О. Сергий Булгаков, продолжая этот мотив, утверждал, что всякое имя таит в себе антиномию: алогически логического, невыразимо выражаемого. Имя, по Булгакову, делает явной энергию вещи: то, что именуется, трансцендентно, а то, чем оно именуется, принадлежит миру. Так имя становится мостом между ноуменом и феноменом, между Богом и творением. Оно соединяет сущность и ее проявление, неся отпечаток троичности мира.

Митрополит Антоний Сурожский говорил, что на небесах каждому человеку будет дано тайное имя, которое знает один Бог и которое содержит в себе человеческую тайну. Он напоминал, что мы называем детей в честь святых, чтобы быть достойными их имени. Имя это не просто звуковое означение, это звуковое опредмечивание. Если именование придает существованию контур, то забвение имени лишает его энергии.

Многие традиции запрещают произносить имя врага: сказанное слово становится частью нашей вселенной.

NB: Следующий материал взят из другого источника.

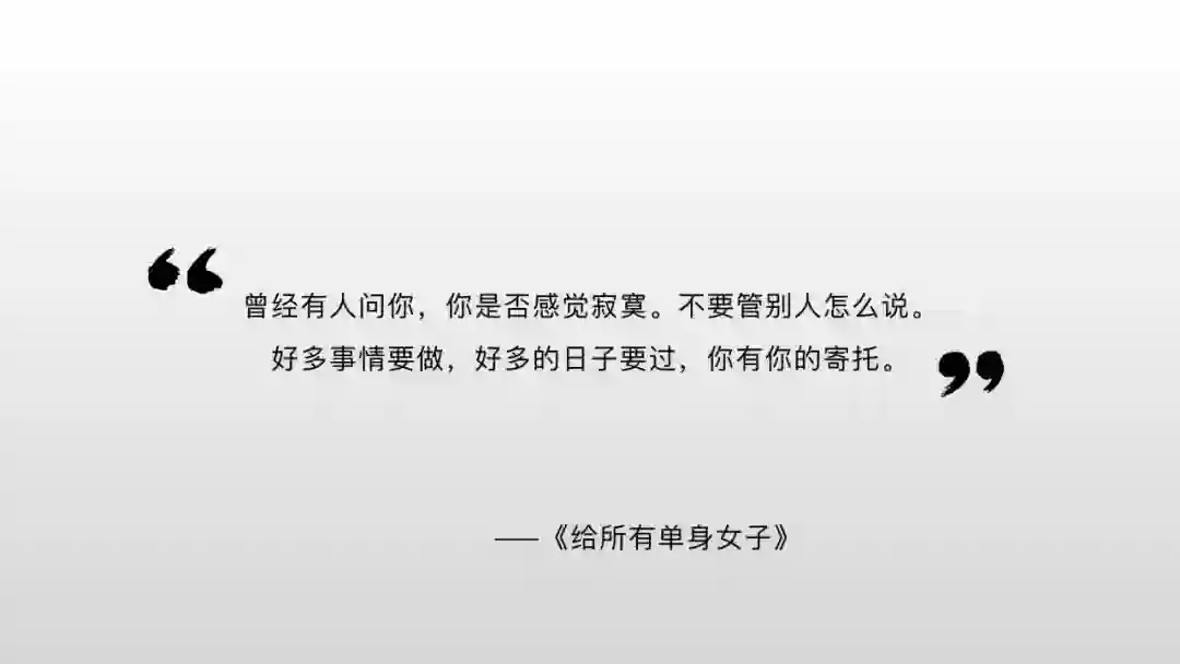 但很多人不觉得,他觉得你是一个单身女子,你就一定会寂寞。这不一定啊,很多人只是孤独,但不寂寞。好多的事要做,好多的日子要过,你有你的寄托,做点啥不好啊是吧,去喝咖啡,去撸猫,去健身,为什么单身女子就一定会寂寞?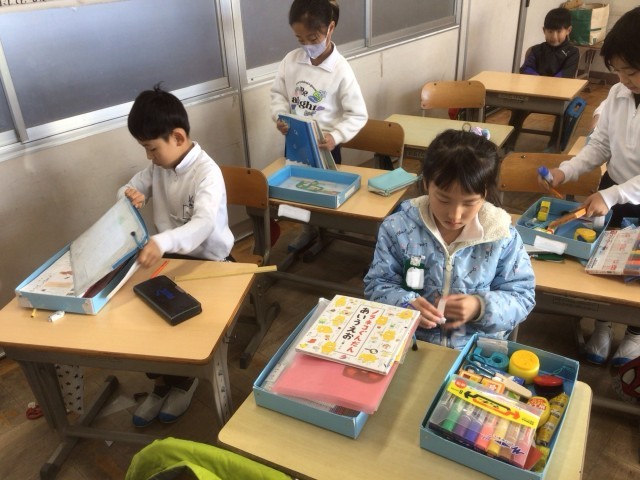2年生では、めあてを意識して、定期的にお道具箱や机の中の整理整頓をおこなっています。「いつも整頓しているから、きれいだよ」と涼しい顔をしている子もいれば、「今からきれいにするよ!」と慌てている子もいましたが、整理整頓が終わるとみんなにっこり笑顔になっていました。
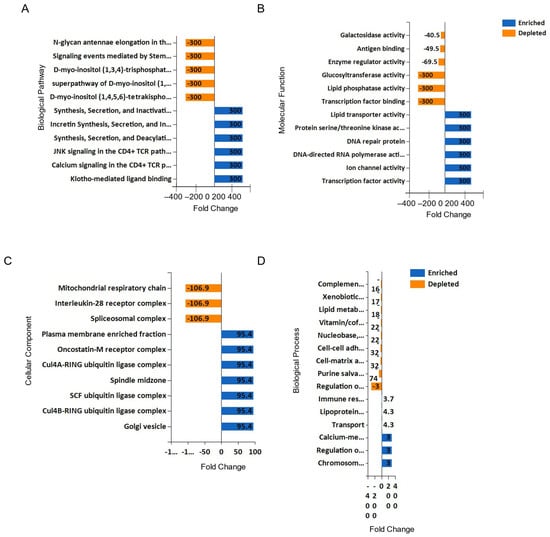 Bioinformatic analysis of the proteomic dataset from uEVs of COVID-19-negative participants and COVID-19-positive participants. (A) Biological pathway, (B) molecular function, (C) cellular component, and (D) biological process. n = 9 per group.

Сегодня имя правителя стало тотемом. Каждый репортаж, каждый мем, каждый шутливый эпитет, от «кремлевского пенсионера» до «пересидента», подкармливает миф. Миф действует интуитивно по принципу «имя как энергия»: не называй оппонентов, и они исчезнут; повторяй свое имя, и ты останешься.

Социолог Пьер Бурдье писал, что именование фиксирует иерархии, распределяет признание и власть. Произнося имя, ты признаешь другого участником поля. Молчание, наоборот, выводит оппонента из игры. В юнгианской психологии каждое слово, даже злобное, усиливает так называемую тень персонажа. Витторио Страда писал, что ненависть к диктатору порождает новую форму зависимости от него. Испытывая отвращение, мы все равно остаемся в его орбите.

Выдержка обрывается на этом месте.